The only thing that kept him alive was the promise his dad had made, the last thing he’d said before building the prison around Stiles;

_ “I’ll be back for you. I’ll find a cure and I’ll come back.” _

Thirteen years, as the marks showed him, had passed. And still a sliver of hope remained. His dad would come back for him, he had to. He’d promised.

As Stiles scratched another mark into the stone, he felt the change take hold. Just like it did every night. The sky outside turned an orange color as the sun sank beneath the horizon. It would have been pretty, but the sunset triggered the curse. The curse that turned Stiles into a monster. And he knew that nothing about that could be pretty.

When he was ten, his mother died. She was attacked by a wolf, just outside of town late one night. By the time the police found her body, it was almost beyond recognition. Stiles had seen the pictures, they’d been burned into his brain.

It was in their time of grieving that Stiles’ dad made a rash decision; John tried to bargain with a woodland fairy, he wanted to catch the monster that killed his wife, to avenge her. But the fairy was not happy. To call one of her creatures a monster when it was merely an animal acting on basic instinct was infuriating. The fairy would not kill the wolf. Instead, she enacted the curse.

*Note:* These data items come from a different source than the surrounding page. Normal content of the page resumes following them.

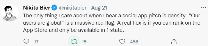Nikita Bier 曾在 Twitter 上分享过一个非常有趣的“用户密度”的理论。用户密度,是他评判一个社交 App 时唯一衡量的数据指标,他认为,**“我们的用户来自全球”是一个危险信号,与之相对,一款产品如果仅在 1 个州开放就能做到 iOS 下载榜单 Top1 会更显灵活(Flex)。**回顾 tbh,看过 Simp 下架到 Gas 上线的一整历程,也许会对 Nikita Bier 原文所言的“Flex”有更为深刻的认识。
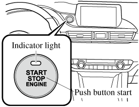 Press the push button start after both the KEY indicator light (green) (if equipped) in the instrument cluster and the push button start indicator light (green) illuminate.
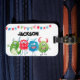 Dieses Monster-Gepäckanhänger ist perfekt für Kinder, die im Urlaub sind. Das Tag zeigt, 4 Monster in den Tönen grün, blau und rot, bunting und ihren Namen. Die Stile, Größen und Farben des Schriftartes können nach der Personalisierung geändert werden, indem Sie auf den Link "Weiter anpassen" klicken.
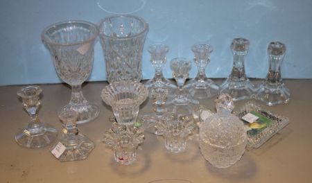 872 Group of Glass Candlesticks, a Covered Jar, and a Frame
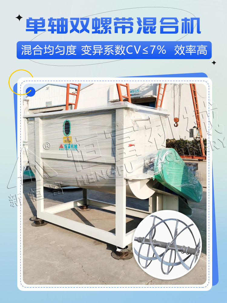 設備應用於多種領域,如:食品、化工、養(yǎng)殖、複合肥(féi)、幹粉等行業的粉狀、顆粒狀物料的高均勻度混合。
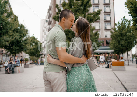 Couple enjoying a casual conversation on a bench outdoors in a city. A couple chats and smiles together while seated on a bench in city Warsaw. Poland. Couple in love visiting Warsaw.
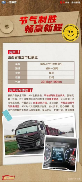 來自山西臨汾市的女卡友杜麗紅女士介紹,她的解放J6V平地板牽引車主要是進行跨省煤炭運輸,車輛經常往返于陜西榆林和湖南地區,通常載重達33噸,百公里氣耗為33.1kg。
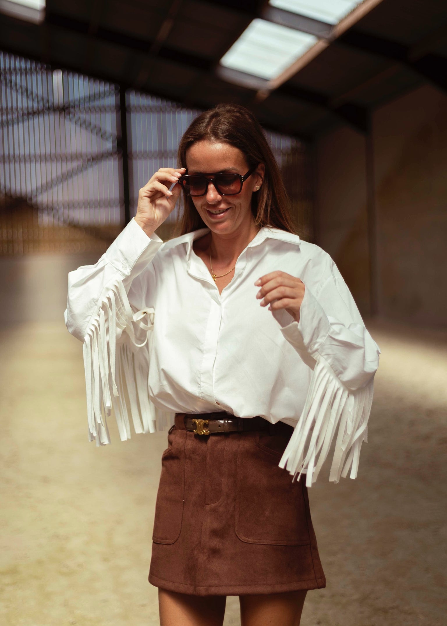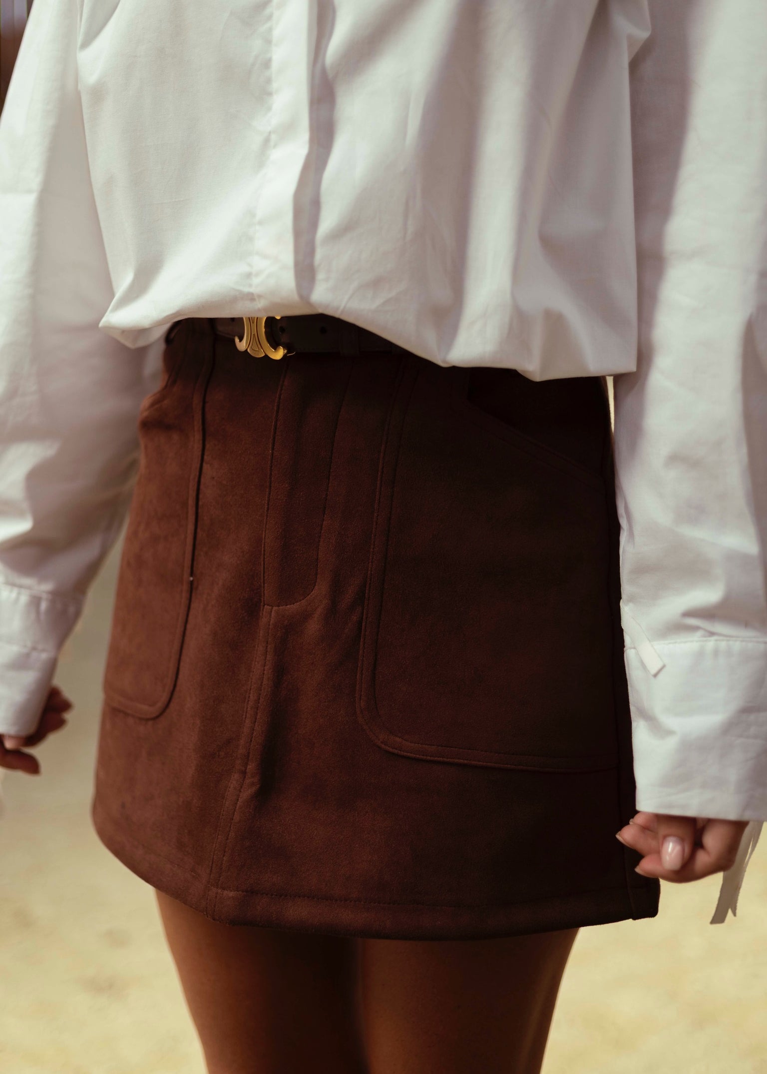 MIRANDA BROWN SUEDE PLISSE SKIRT

“By night one way, by day another,” the fairy told him. “This shall be the norm, ‘til he finds true love’s first kiss, then take love’s true form.”

Without further explanation, the fairy vanished. When the sun set that night, Stiles’ bones began to shift. His flesh peeled away to expose rough fur underneath. His teeth and fingernails fell away, one by one, replaced with sharp, pointed ones. Stiles screamed, the pain unbearable. And then suddenly the screams stopped and he was howling instead. As his clothes tore, slipping to the floor in shreds, John was left staring at a wolf in his son’s place.

Stiles ran. He didn’t know what else to do. It felt as if the trees, the moon, were calling to him. Beckoning. He followed.

In the morning, John found Stiles, his naked human body dirty but unscathed, lying on the front lawn.

It was then that John made the decision to build the concrete cabin, the single-room cell with no doors and one tiny barred window, and Stiles was locked away.

And locked away he remained for thirteen years until one day, the stone walls holding him in began to fall away. Crumbling to bits of dirt on the floor. When the dust settled and the blinding sunlight filtered into the room, Stiles was faced with a man. Ripped jeans and a dirty henley. Not quite a knight in shining armor. There was a bloody baseball bat in his grip, where sharp claws bit into the wood and a pickaxe discarded on the ground just beyond the broken stone. It’s when Stiles’ gaze traveled up to the stranger’s face that his breath caught.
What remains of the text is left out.